Intuitively, it is impossible to unambiguously decode two stimulus dimensions from the response of only one neuron: there are two unknowns for only one equation; each rate value maps to a continuum of possible stimulus values (Fig. 3*e*). Equivalently, the single neuron FIM is singular: it only has one non-zero principal value. The combination of stimulus dimensions that is best encoded by the neuron is along the response map gradient (the FIM principal vector, ∇*r*; Fig. 4*a*, green arrow); the corresponding information magnitude equals the gradient magnitude divided by the variance of the spike rate (the FIM principal value). The orthogonal direction is 0 because locally the response map is flat (Fig. 4*a*, gray direction); consequently, estimators of the orthogonal dimensions will necessarily be biased (or suffer infinite variance; Stoica and Marzetta, 2001). The insights of the two-dimensional FIM are a natural extension of the one-dimensional FI; the information magnitude equals the magnitude of the derivative of the response map (i.e., the norm of the gradient in two dimensions) divided by the variance; the stimulus dimension of best information follows the gradient, i.e., the stimulus direction along which the tuning surface is steepest.
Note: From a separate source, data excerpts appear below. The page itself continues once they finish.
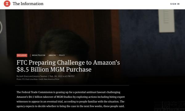 不过据The information报道,美国联邦贸易委员会(FTC)调查米高梅收购案,可能只是调查亚马逊电商与云计算业务的前奏,FTC真正希望的是借此调查到亚马逊云计算部门AWS与流媒体公司交易的信息,并为开启更大规模的反垄断指控搜集素材。
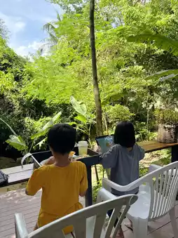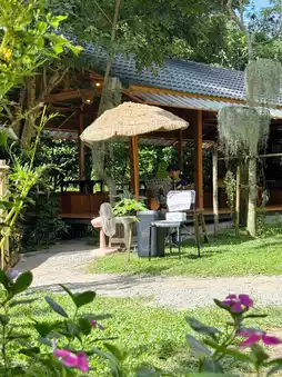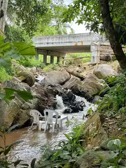 This cafe is called The hidden falls. The Thai name is "In the Secret Garden". If you search on Google Maps, search by the Thai name. We came on Saturday. There were a lot of people. All the seats in the stream were full. But there were still plenty of seats in other areas (the staff said that on Sundays, there are a lot of people. There are not enough seats).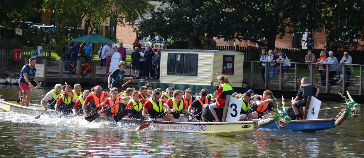 Taking place on Sunday 11th September 2016 at the Stratford-upon-Avon Boat club in the River Avon, we were fortunate to have such warm & sunny conditions. The Shakespeare Hospice called teams across Warwickshire to compete in their Dragon Boat Racing event with numbers of 12-17 members taking part in the fun and competitive races during the day.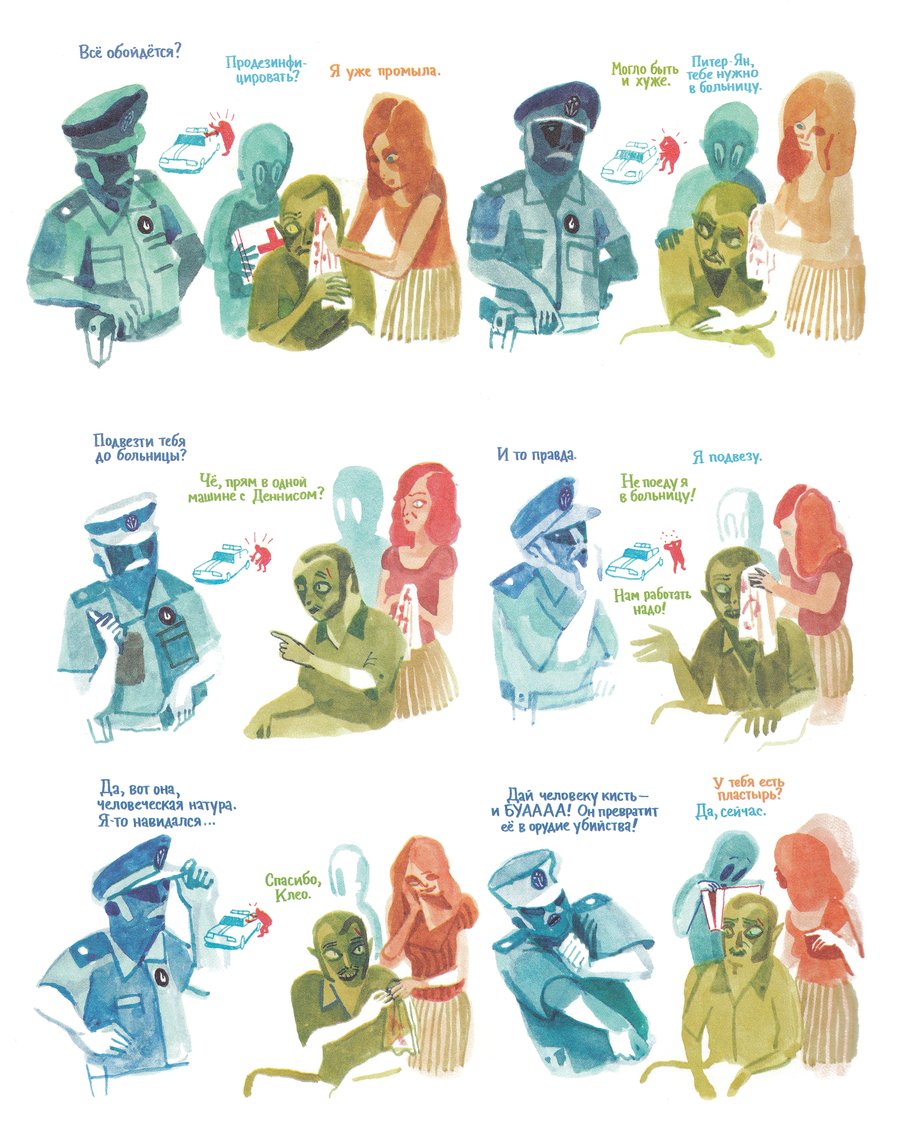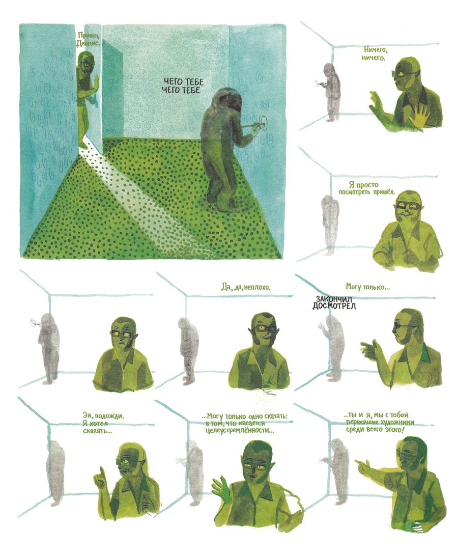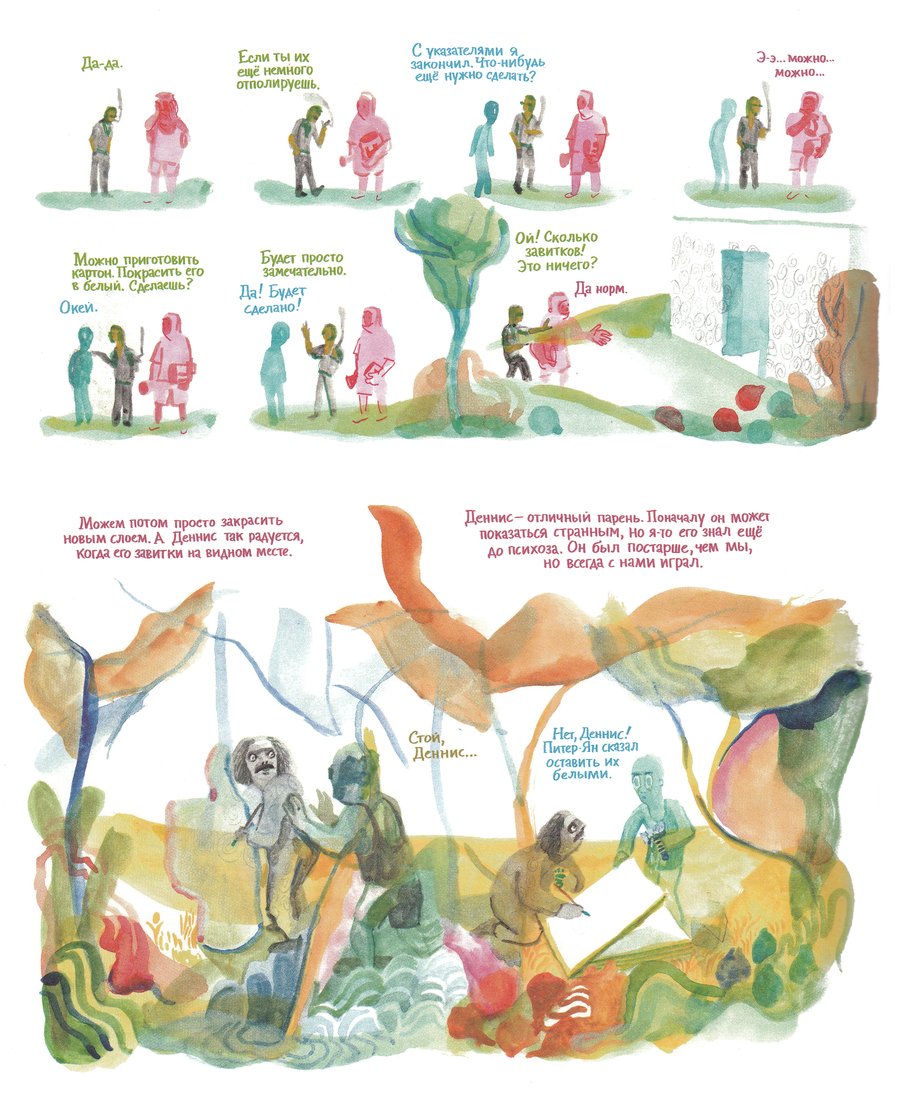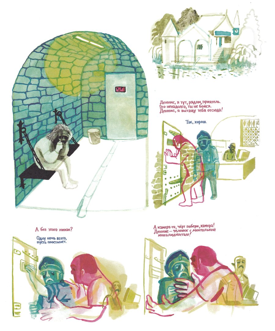 Он разрисовывает завитками даже чертеж, после чего Питер-Ян предлагает Кристофу «поговорить о Деннисе», и специально для него сооружают комнату, которую он может разрисовать полностью. В этот момент у Денниса случается эмоциональный кризис. Диалог Питер-Яна с Деннисом обращает на себя внимание тем, что занимает два разворота. После этого разговора Деннис нападает на Питер-Яна. Денниса забирают в полицию.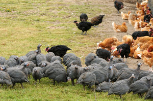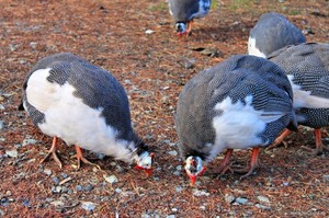 - Формування зграї у африканських курочок можливо тільки в ранньому віці, ще до настання статевої зрілості. Як правило, в ранньому віці птиці формують дуже згуртовану групу, куди входить кілька курочок і один півник. І потім, протягом усього подальшого життя, ця група не розпадається. Сформувати зграю з дорослих особин у цесарок неможливо. Птахи будуть триматися особняком, сторонячись один одного. В цьому випадку значно знижується несучість і практично до нуля падає заплідненість яєць.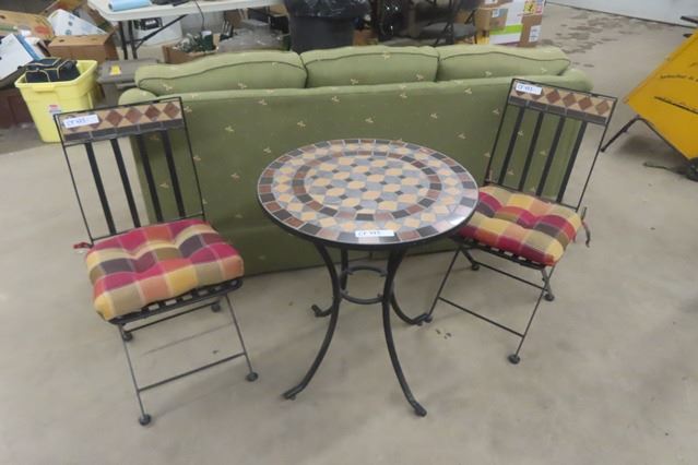 Nice Ceramic Tile Top Patio Table with 2 Matching Chairs - Table 28" Tall 23.5" Wide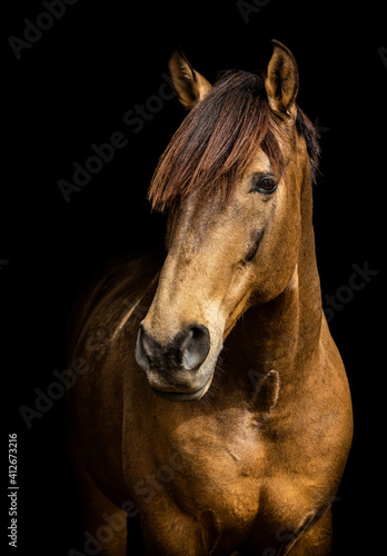 © Ayla Harbich, Fototapeta premium Portrait of golden Lusitano horse, on black background.
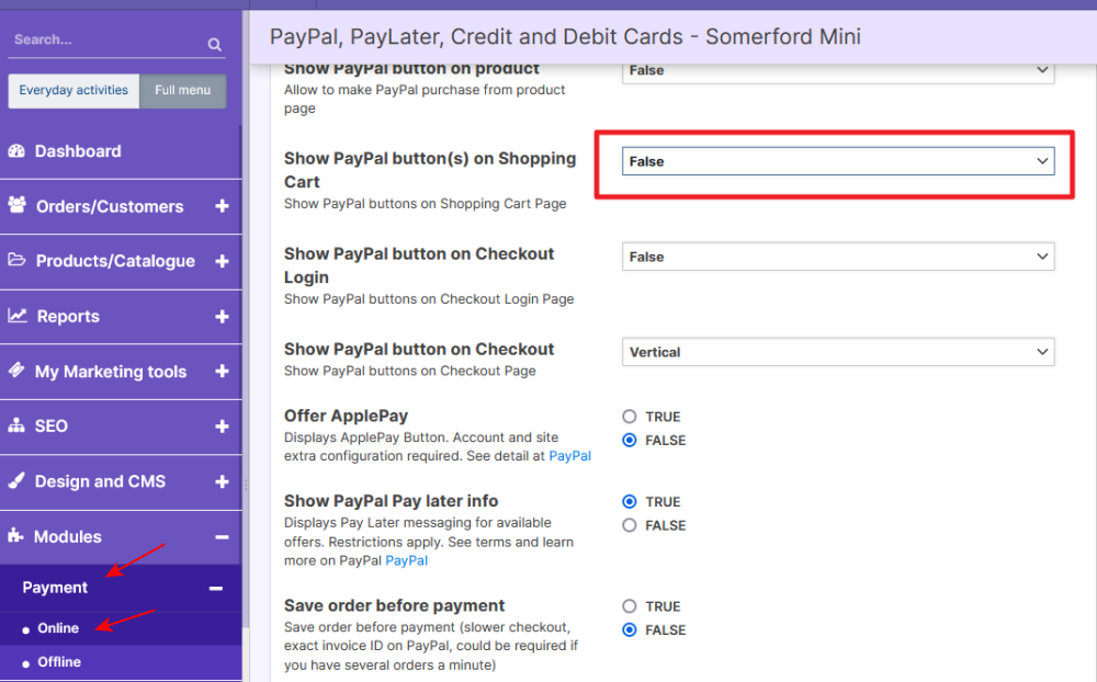 - Navigate to Payment > Online > Settings and set "Show PayPal button(s) on Shopping Cart" to False.
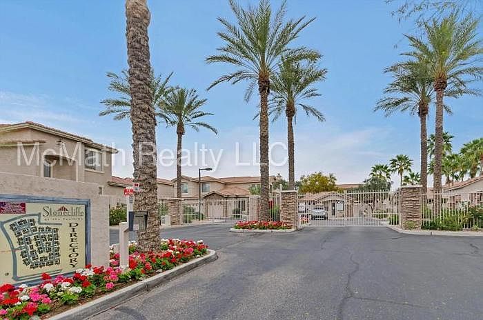 Beautiful town home in gated community. Nicely updated with wood floors and new carpet. Kitchen has breakfast bar, lots of cabinets and white appliances. The master suite has plush carpet, a ceiling fan and a picture window. The master bath has an extended sink vanity and a spacious walk in closet.The backyard is private with a covered patio and desert landscaping. The community amenities include a pool, playground and greenbelt. Water, sewer & trash are included with the rent.$200 admin fee is due at lease signing. Phoenix charges a monthly tax of 2.3%.Pets with owner approval. This property allows self guided viewing without an appointment. Contact for details.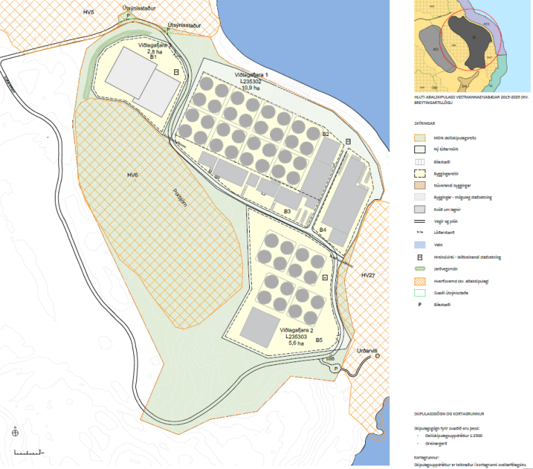 Í gildandi Deiliskipulagi iðnaðarsvæðis í Viðlagafjöru eru skilgreindar tvær lóðir og er uppbygging á annarri þeirra, lóð 1, langt á veg komin. Tillaga að breyttu deiliskipulagi gerir ráð fyrir nýrri lóð, lóð 3, nyrst á svæðinu þar sem gert verður ráð fyrir seiðaeldisstöð allt að 15.000 m2 að gólffleti. Gert er ráð fyrir mön umhverfis lóðina að norðanverðu við Eldfellsveg og að lega vegslóða að Viðlagafjöru frá norðri breytist.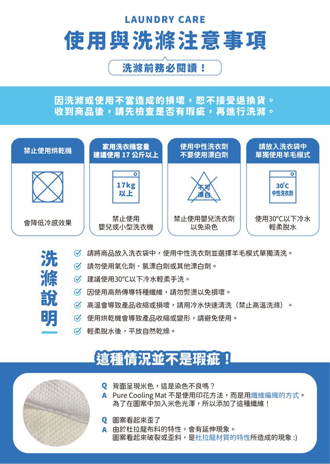 注意事項:●請將商品放入洗衣袋中,使用中性洗衣劑並選擇羊毛模式單獨清洗。 ●請勿使用氧化劑、氯漂白劑或其他漂白劑。 ●建議使用30℃以下冷水輕柔手洗。 ●因使用高熱傳導特種纖維,請勿熨燙以免損壞。 ●高溫會導致產品收縮或損壞,請用冷水快速清洗 (禁止高溫洗滌)。 ●使用烘乾機會導致產品收縮或變形,請避免使用。 ●輕柔脫水後,平放自然乾燥。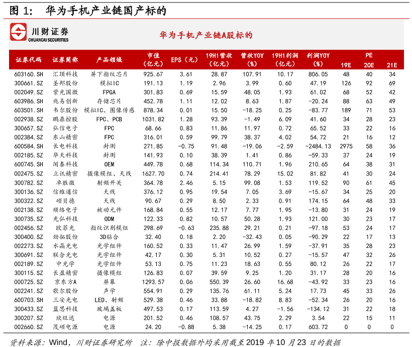 华泰证券认为, 我们将华为生态合作伙伴分为两类,一类是华为供应商,一类是与华为从 各方面展开合作的厂商。华为供应商建议关注中科创达、润和软件、虹软科技。华为合作伙伴建议关注四维图新、用友网络、长亮科技、太极股份、 启明星辰、科大讯飞、数字认证、诚迈科技。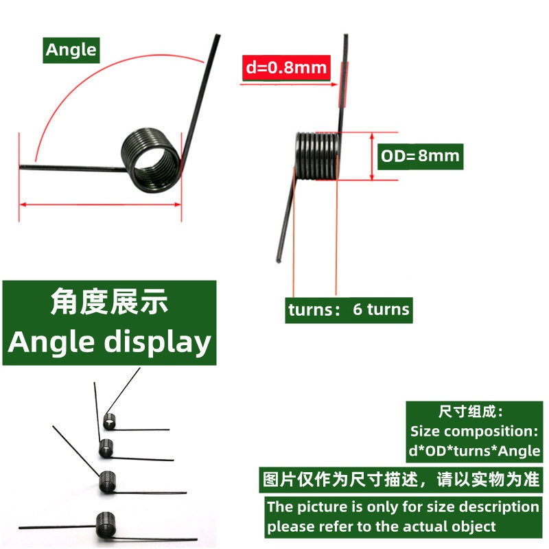 [HNK] Spring Steel Wire Diameter 0.8mm V-Shaped Spiral Torque Spring Hair Clip Spring Steel Torque Torque Torque Spring OD4-10mm Angle 60 90 120 180 Degrees

FI matrices thus make it possible to quantify the stimulus dimension direction and magnitude of information from any sensory neuron's response map.

To illustrate the use of FIMs, Figure 4, *b* and *c*, represent the information vectors for the putative “monaural” and “binaural” neurons of Figures 2 and 3 (arrows), overlaid on the information magnitude (color-coded). As expected, the information vector magnitude is maximal in regions where the rate varies maximally (i.e., where the gradient is highest), and the best information direction follows along the direction where the tuning surface is steepest (Fig. 3*b*,*f*). Consistent with the intuition that the regions of higher slope in the response map yield higher information; the putative binaural neuron (Fig. 4*b*) carries information in the direction of ILD for a large range of stimuli, particularly at negative ILDs (Fig. 4*b*, below the first diagonal). On the other hand, the putative monaural neuron (Fig. 4*c*) carries the most information in the contralateral level direction at levels near the contralateral threshold (across a wide band of ipsilateral levels). Although the responses of both neurons are clearly modulated by ILD, and could thus be considered “ILD coders” on the basis of a single ILD tuning curve measured at fixed ABL (Fig. 2), this analysis reveals the stark difference in directionality of information carried by each neuron.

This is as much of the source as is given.